Overnight liquid funds, probably arbitrage, are the kind of categories that are most suitable for an investor who does not want to suffer a capital loss. That said, if you want to participate in credit markets, get a higher coupon, are willing to take that extra risk, then probably credit opportunities or even corporate debt fund duration products, etc., have sense. So I think this is the first important point when it comes to choosing a debt fund to invest in. That said, once you have decided on the category that you think would best suit your risk profile, your risk tolerance if I had to say, it also becomes important to choose the right fund. When it comes to choosing the right fund, it’s important to understand that not all funds in a particular category, even within the categorization standards set by SEBI, carry similar risks. So, we have seen in the past, funds that have been segmented on the basis of duration buckets, as SEBI has clarified, also carrying different forms of credit risk in their profiles. So, it becomes important for investors to also get into the nature of the portfolio held by the fund, to understand what type of rating profile is in terms of investments, the liquidity of the portfolio, which is also extremely important – do they hold a lot of concentrated exposures. Many of these things also come into play once you’ve chosen the category that best matches your risk tolerance.
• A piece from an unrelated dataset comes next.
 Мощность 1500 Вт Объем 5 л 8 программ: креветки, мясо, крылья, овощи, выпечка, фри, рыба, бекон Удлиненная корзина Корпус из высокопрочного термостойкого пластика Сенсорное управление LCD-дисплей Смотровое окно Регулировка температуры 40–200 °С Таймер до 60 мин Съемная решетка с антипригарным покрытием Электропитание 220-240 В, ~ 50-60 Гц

If there are accelerated redemptions or if there are accelerated redemptions, if I had to say, a lot of people are coming in for redemption at the same time, it actually puts a lot of stress on the portfolio. The fund manager would have a cash component in order to meet the regular type of redemption requests that are being considered, that are being planned. If something is out of the ordinary, that clearly means exiting, selling the instrument, and then taking that impact that is there due to liquidity and posting it to NAV. Therefore, liquidity becomes an extremely important piece of data when it comes to valuing a debt fund.

If I were to just use some of the recent examples, I think post-Covid, we see the volumes haven’t really come out; secondary market volumes are still there for corporate bonds. The challenge we see is increased impact costs due to redemption pressures faced by fund houses and therefore a larger premium that must be paid due to the illiquidity associated with the obligation. So in this context, liquidity becomes extremely important.
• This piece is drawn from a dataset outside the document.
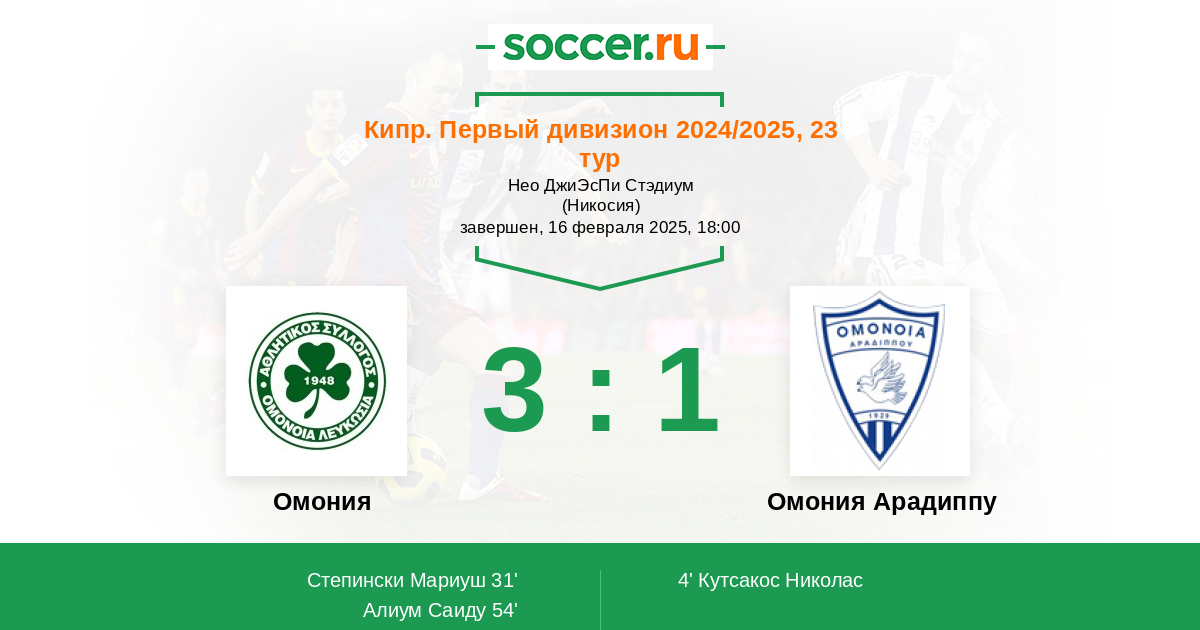 Омония - Омония Арадиппу: обзор матча 16 февраля 2025

If I were to look at mutual fund data, about 75% of the entire industry is liquid corporate bonds and I would actually say not just liquid corporate bonds but also sovereign bonds , i.e. G-Secs and cash equivalents and treasury bills, which are largely a kind of liquid space. So it’s a good thing to have if you were to look at it from a liquidity perspective. Again, those three categories we talked about – credit, dynamic debt, and modified or medium-duration debt funds – are where we saw a greater amount of illiquid in the portfolio. But we believe that liquidity is something that becomes extremely important and if I were to look at the three — credits, liquidity and concentration — those three work together. So, if you are managing an inferior portfolio, it is likely that in a difficult situation, redemptions will start to accumulate in the fund, which may lead to the need to liquidate. As a general rule, the more liquid the liquid, the fund ends up with the most illiquid, the weakest assets. This is something we continue to see, especially during difficult market situations, including the global financial crisis, even today as we see it.

The underlying logic being that you have to be diversified, you also have to take into account the realities on the ground in terms of how the markets are moving. So you need to be diversified when you are in lower credits. If it is an A-rated bond, then clearly you cannot have 10 bonds alone in your portfolio. You have to be as diverse as possible. Other group shows also come into play.